▶ **Your objective**: Within the records below, find the line with "Кусочки разного шоколада" and the line with "如果存續(xù)期內標的指數", then reproduce exactly those two lines and all lines between them, without any picture.
*** Provided entries Section Begins ***
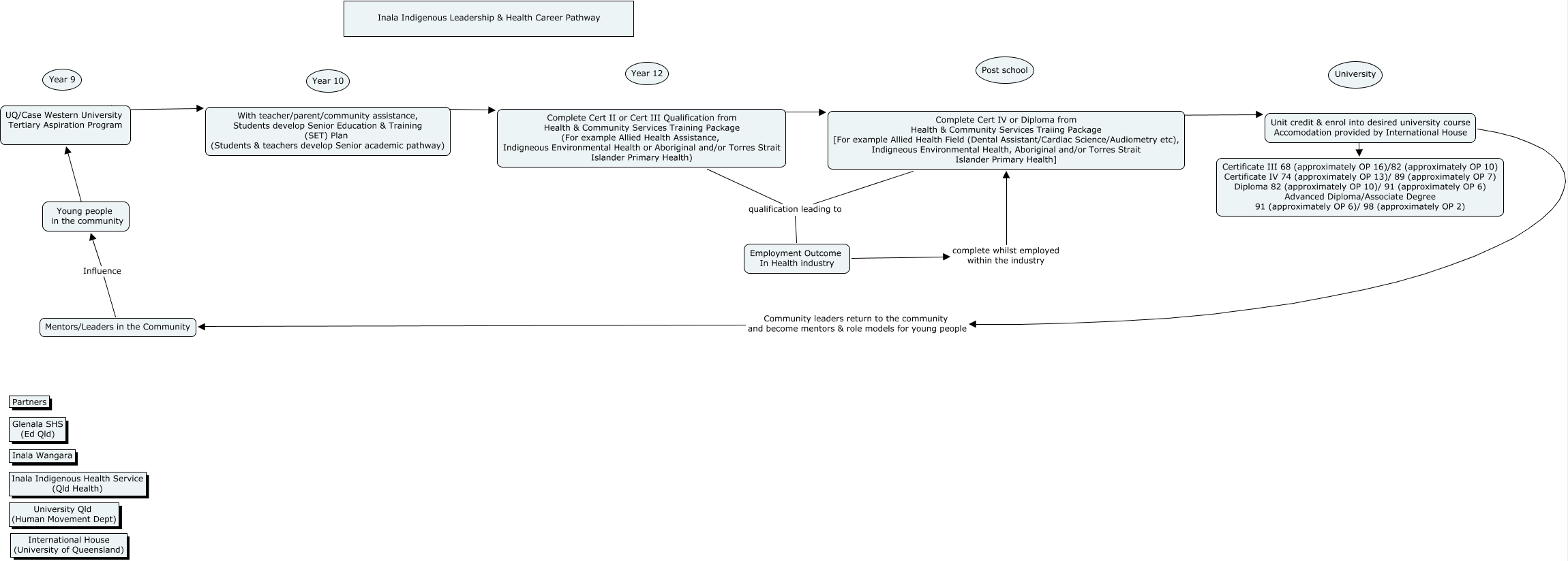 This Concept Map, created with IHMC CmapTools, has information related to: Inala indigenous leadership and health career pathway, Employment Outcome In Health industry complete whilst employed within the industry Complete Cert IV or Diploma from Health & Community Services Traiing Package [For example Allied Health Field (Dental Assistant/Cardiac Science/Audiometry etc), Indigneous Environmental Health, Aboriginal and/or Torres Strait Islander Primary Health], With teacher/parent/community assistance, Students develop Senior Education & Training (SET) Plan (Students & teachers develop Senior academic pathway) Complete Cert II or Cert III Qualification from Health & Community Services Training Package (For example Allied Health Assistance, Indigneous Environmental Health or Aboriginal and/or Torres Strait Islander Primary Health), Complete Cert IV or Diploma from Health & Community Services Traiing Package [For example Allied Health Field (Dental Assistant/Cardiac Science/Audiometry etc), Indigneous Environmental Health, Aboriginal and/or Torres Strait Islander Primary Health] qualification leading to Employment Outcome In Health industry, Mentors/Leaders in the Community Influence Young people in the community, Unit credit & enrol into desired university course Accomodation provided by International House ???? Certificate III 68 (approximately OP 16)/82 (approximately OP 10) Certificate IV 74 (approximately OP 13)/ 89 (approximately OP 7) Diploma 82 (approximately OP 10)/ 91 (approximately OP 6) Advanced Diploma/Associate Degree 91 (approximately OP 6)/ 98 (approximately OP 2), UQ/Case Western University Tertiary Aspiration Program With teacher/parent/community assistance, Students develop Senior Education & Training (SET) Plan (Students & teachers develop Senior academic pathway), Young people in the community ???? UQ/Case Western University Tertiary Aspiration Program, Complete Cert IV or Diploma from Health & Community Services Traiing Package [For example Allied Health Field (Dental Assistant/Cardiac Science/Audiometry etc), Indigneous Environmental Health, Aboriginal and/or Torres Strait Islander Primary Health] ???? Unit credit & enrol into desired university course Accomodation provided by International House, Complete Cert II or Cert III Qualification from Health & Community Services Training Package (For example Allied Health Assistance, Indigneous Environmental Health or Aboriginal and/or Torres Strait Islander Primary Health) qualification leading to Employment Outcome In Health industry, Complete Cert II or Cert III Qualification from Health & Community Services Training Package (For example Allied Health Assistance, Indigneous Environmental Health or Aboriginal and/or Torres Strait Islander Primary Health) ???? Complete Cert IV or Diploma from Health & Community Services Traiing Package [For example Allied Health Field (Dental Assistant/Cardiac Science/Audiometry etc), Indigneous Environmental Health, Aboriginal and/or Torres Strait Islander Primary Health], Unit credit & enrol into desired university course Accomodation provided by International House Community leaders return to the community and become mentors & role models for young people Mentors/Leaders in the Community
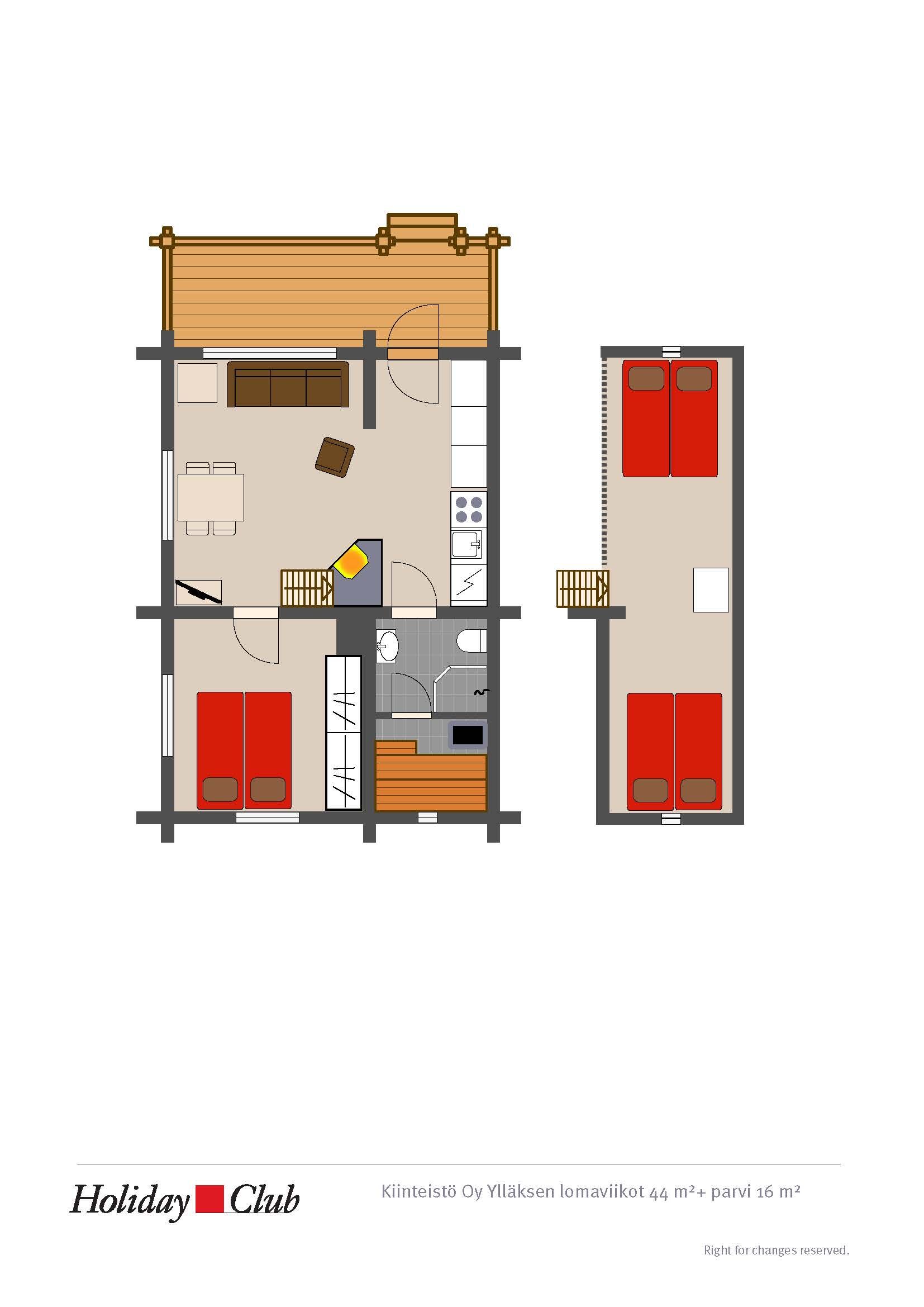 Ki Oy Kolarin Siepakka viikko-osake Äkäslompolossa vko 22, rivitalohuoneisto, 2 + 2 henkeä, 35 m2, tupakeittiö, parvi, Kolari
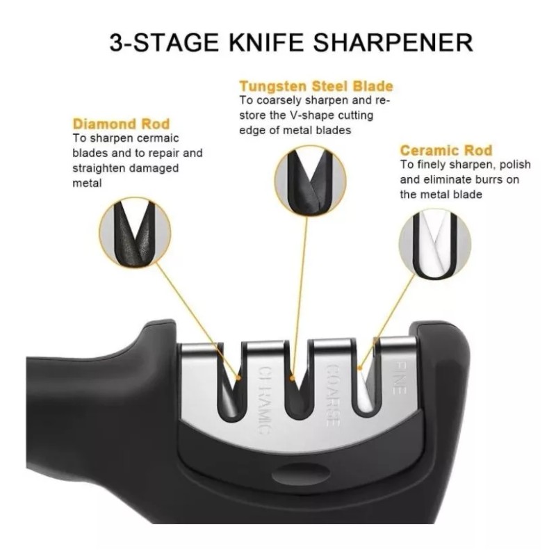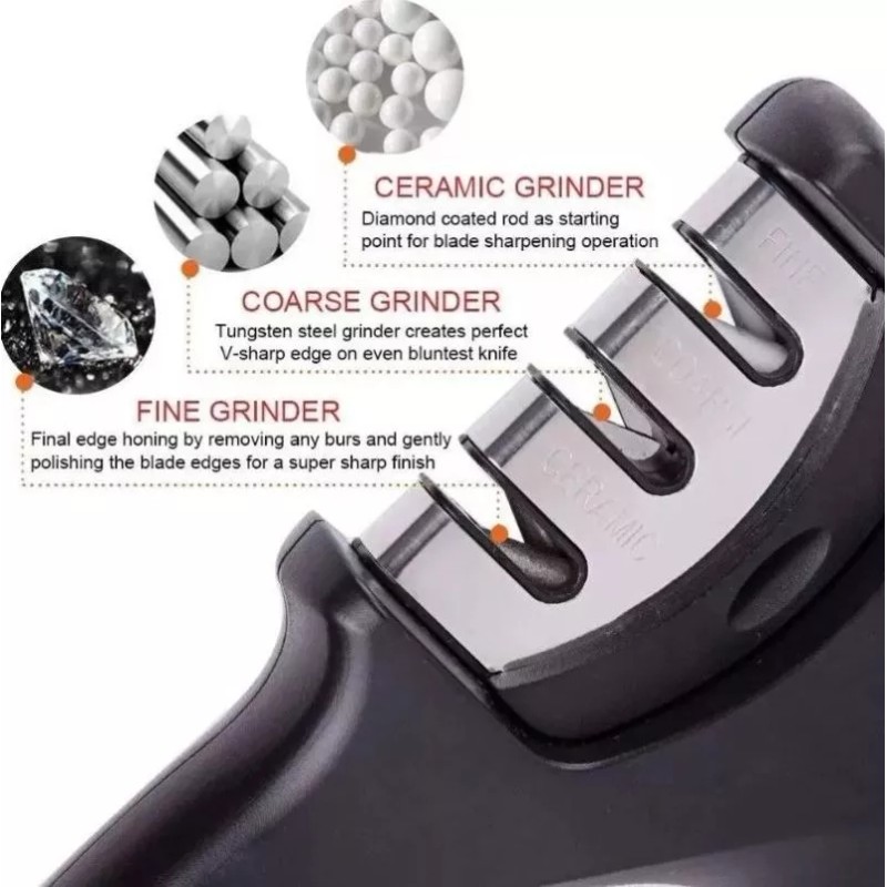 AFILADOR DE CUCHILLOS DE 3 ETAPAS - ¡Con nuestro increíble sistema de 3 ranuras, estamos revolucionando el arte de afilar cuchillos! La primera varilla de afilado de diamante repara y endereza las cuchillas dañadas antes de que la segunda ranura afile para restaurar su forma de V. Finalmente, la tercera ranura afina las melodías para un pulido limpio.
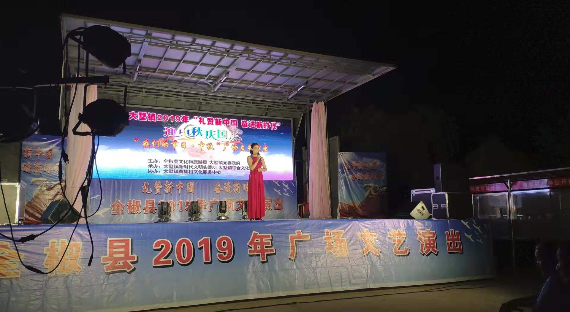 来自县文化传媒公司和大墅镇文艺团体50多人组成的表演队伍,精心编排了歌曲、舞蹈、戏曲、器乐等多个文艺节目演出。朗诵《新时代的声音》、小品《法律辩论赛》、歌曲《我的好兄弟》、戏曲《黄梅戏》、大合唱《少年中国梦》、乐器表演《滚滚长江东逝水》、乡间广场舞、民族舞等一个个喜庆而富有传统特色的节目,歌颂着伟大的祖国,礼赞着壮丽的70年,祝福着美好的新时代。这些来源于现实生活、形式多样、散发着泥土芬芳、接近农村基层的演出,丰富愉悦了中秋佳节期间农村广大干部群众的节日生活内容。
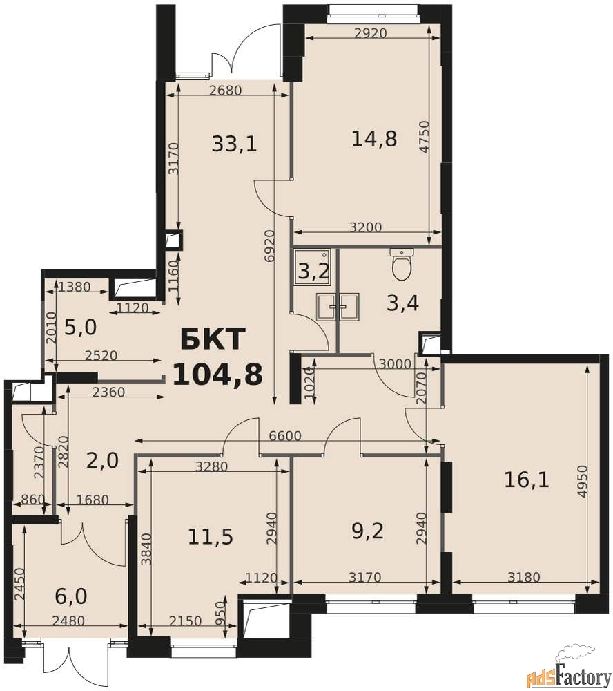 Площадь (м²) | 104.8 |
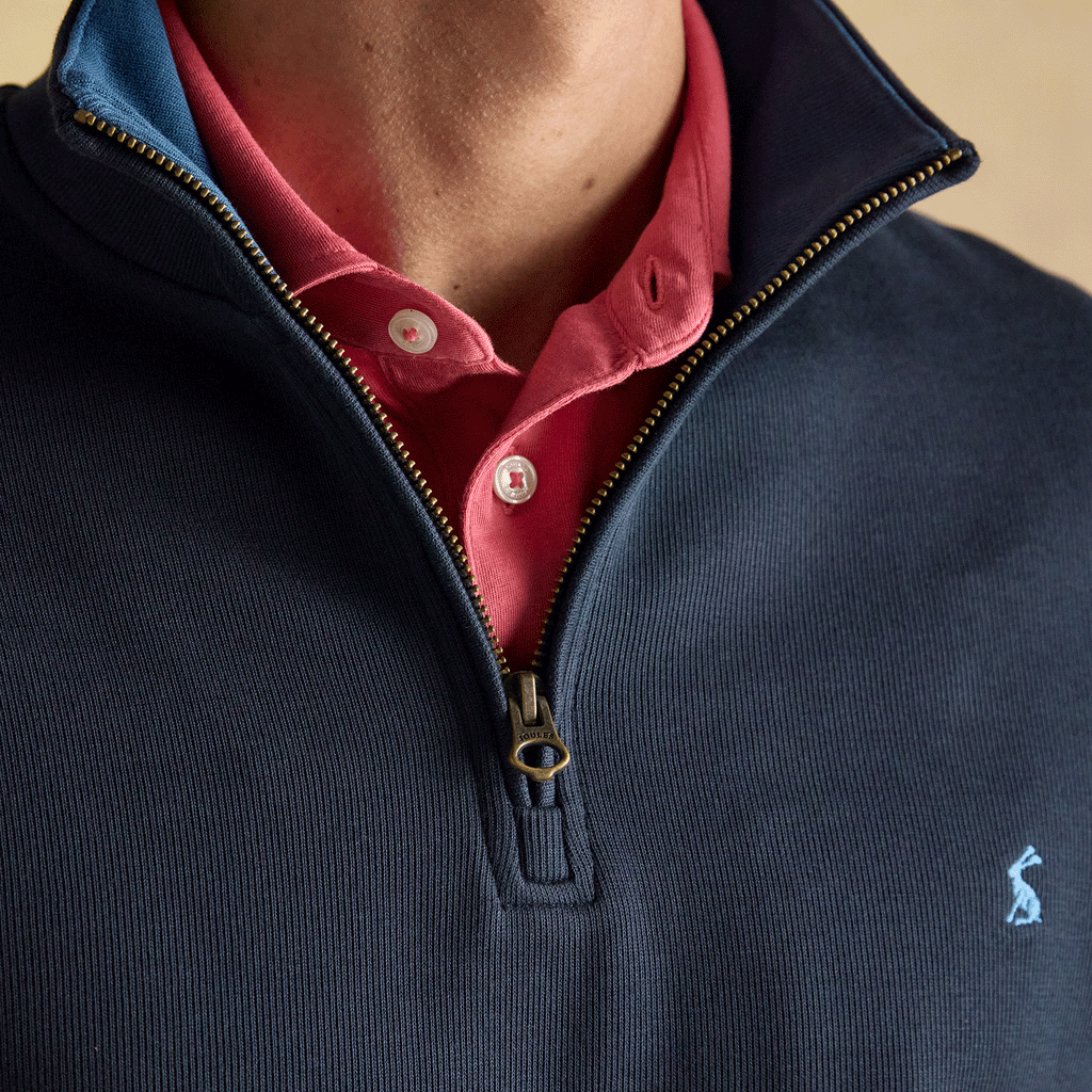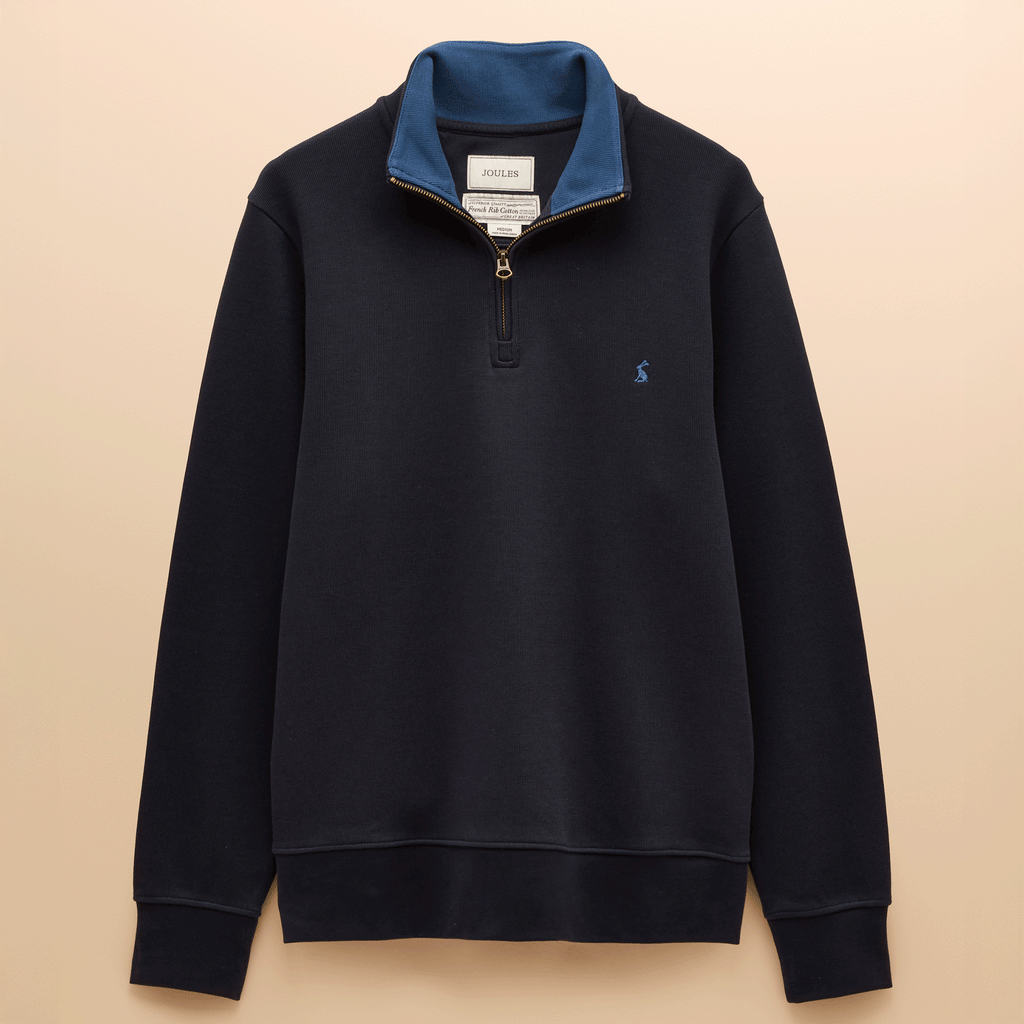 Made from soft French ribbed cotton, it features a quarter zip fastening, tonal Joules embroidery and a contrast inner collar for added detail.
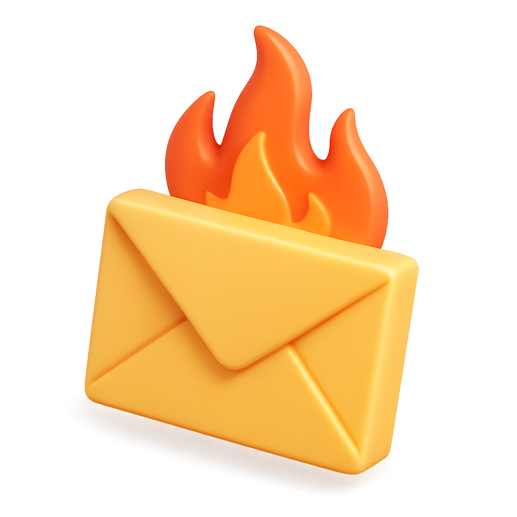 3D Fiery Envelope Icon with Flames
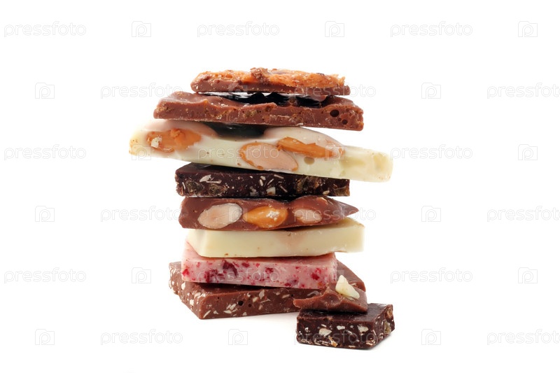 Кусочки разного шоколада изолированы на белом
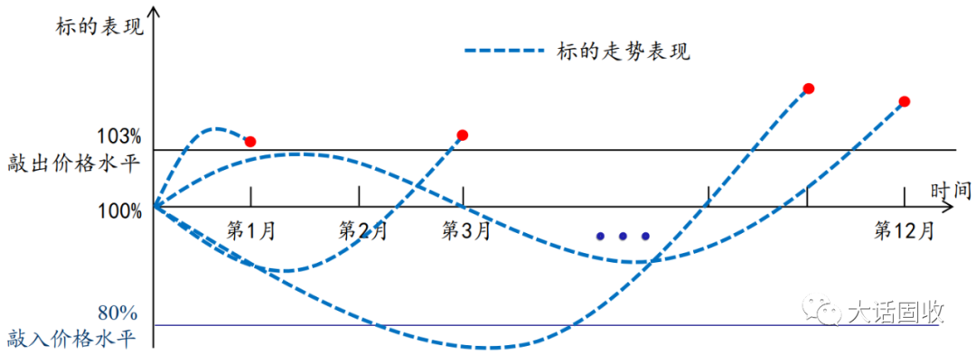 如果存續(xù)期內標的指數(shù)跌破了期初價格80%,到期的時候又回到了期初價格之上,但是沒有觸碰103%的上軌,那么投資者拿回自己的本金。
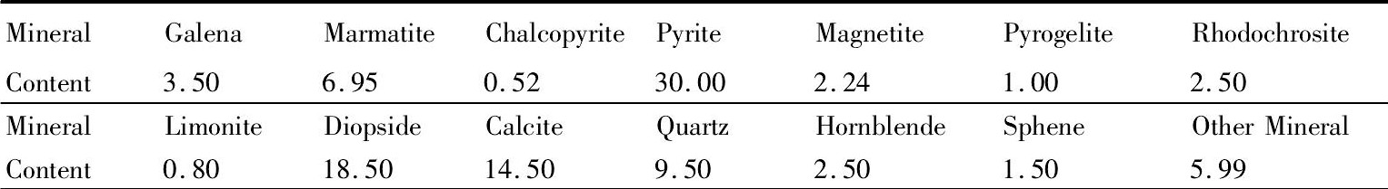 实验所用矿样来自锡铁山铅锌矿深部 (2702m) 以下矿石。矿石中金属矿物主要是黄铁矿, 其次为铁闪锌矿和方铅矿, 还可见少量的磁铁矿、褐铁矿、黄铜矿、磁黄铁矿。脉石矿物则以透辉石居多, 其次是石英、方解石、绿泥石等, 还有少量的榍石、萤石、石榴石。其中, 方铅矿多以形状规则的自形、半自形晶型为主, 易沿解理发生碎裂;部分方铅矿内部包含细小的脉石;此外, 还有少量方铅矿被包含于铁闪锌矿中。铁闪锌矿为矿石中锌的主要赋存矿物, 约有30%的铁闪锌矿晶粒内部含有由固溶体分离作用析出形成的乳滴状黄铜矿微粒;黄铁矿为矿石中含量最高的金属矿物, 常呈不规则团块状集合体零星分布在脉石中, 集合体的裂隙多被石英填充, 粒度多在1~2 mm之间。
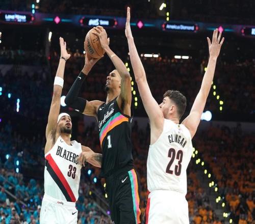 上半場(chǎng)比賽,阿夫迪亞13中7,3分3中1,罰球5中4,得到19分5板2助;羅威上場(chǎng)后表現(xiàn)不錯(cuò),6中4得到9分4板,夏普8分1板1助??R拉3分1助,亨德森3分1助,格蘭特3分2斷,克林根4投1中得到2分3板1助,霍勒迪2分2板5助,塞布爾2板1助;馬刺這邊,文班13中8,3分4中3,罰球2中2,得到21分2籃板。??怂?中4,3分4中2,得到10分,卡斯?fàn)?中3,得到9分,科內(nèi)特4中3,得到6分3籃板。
*** Provided entries Section Ends ***
▶ **Exercise response**:
 Кусочки разного шоколада изолированы на белом
 如果存續(xù)期內標的指數(shù)跌破了期初價格80%,到期的時候又回到了期初價格之上,但是沒有觸碰103%的上軌,那么投資者拿回自己的本金。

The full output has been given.